Jason Momoa spoofs Billie Jean King’s ‘Battle of the Sexes’ on SNL (watch)
By Lee Vowell
The sketch-comedy show Saturday Night Live has never been afraid to go over the top for some material. The low-budget hijinks can offer hit-and-miss material as well. But a sketch on this past weekend’s show spoofing the Billie Jean King and Bobby Riggs “Battle of the Sexes” match from 1973 featuring film star Jason Momoa as fictional tennis player Ronnie Dunster was simply bizarre.
In the bit, Momoa, known as the largest player in the history of tennis, is set up to play fictional women’s player Charna Lee Diamond, played by cast member Sarah Sherman. Diamond is ranked as one of the lowest players on the WTA, the skit notes. Diamond also is a staunch feminist who wanted the match played between her and one of the top-ranked ATP players.
As the match begins, Jason Momoa’s character is set to serve first. He hits the ball and the ball goes through the middle of Diamond. Not down the middle of the court, but through the abdomen of Sherman’s character. And yet, still Diamond continued to play.

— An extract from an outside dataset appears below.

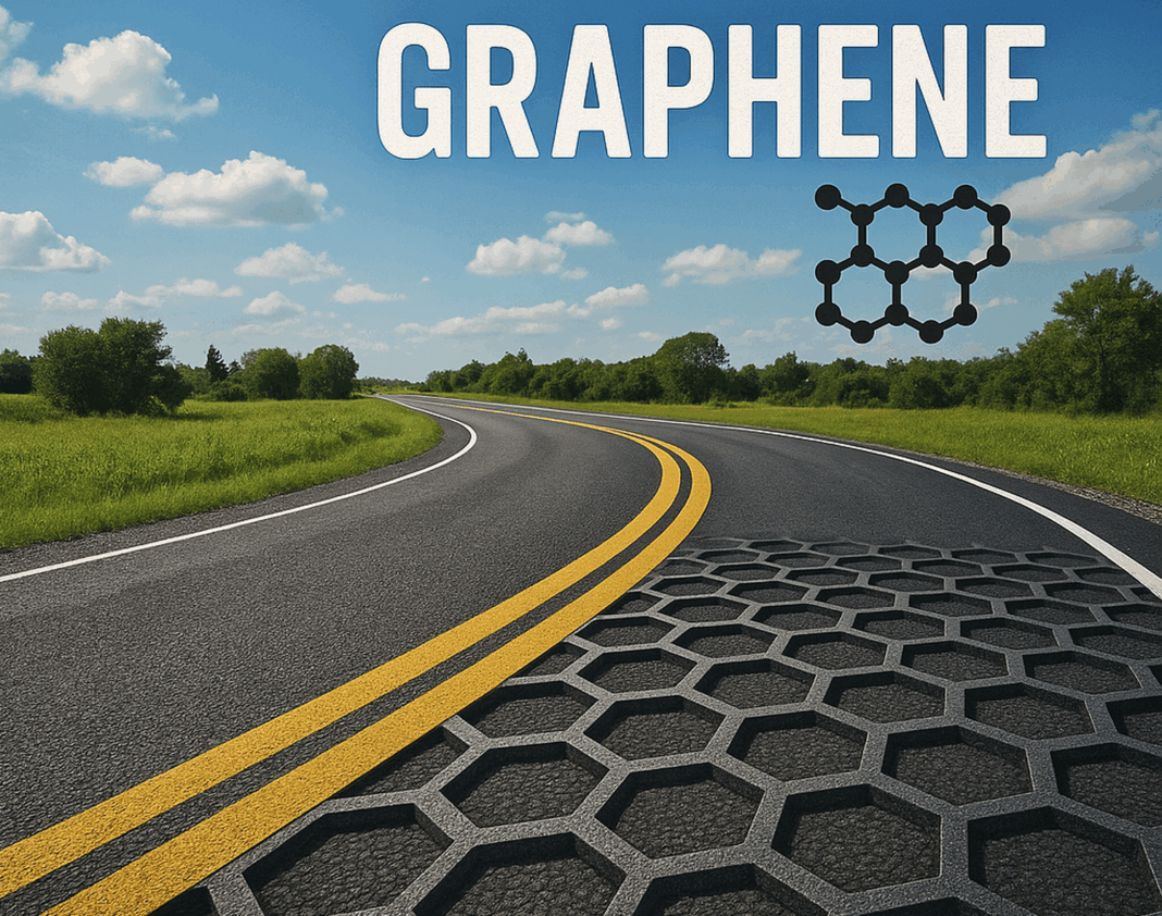 Графенот е ултратенок, двoдимензионален материјал составен од атоми на јаглерод распоредени во форма на саќе. Тој е милион пати потенок од човечко влакно, а сепак 200 пати поцврст од челикот. Денес веќе се користи во производството на батерии, полупроводници и високотехнолошки материјали, но ова е првпат да се тестира во патна инфраструктура.

Jason Momoa plays an overpowering tennis player on Saturday Night Live
Mond you, the joke of the skit is someone of Jason Momoa’s size – he is 6’4″ and about 225 pounds or more (the weight is hard to find on the interwebs) – while Sarah Sherman’s size – she is 5’7″ and 120 pounds. But if you did not get that part of the joke, one might just think Saturday Night Live is saying a man should overpower a woman in a tennis match. That would be ironic as the whole point of the Battle of the Sexes between Billie Jean King and Bobby Riggs was to dispel that thought.

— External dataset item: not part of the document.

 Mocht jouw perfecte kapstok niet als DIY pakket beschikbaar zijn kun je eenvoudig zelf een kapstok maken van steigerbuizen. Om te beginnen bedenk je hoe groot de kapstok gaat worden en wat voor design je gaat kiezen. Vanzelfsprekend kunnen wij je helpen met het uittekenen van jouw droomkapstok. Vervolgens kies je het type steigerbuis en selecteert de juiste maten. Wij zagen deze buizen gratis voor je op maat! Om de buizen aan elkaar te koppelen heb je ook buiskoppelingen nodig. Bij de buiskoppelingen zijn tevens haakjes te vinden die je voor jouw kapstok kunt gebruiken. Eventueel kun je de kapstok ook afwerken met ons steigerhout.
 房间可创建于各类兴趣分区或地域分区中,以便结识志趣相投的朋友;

Jason Momoa’s Dunster feels horribly for how the first serve went, obviously, and is in disbelief when Diamond is somehow able to continue. Dunster serves again only this time the serve goes high (or whoever wrote the sketch does not know how tennis works) and knocks Diamond’s head off.
The sketch is promising at the beginning and then digresses into violence. Maybe some will find the bit funny, though. Jason Momoa at least does a decent job as Ronnie Dunster.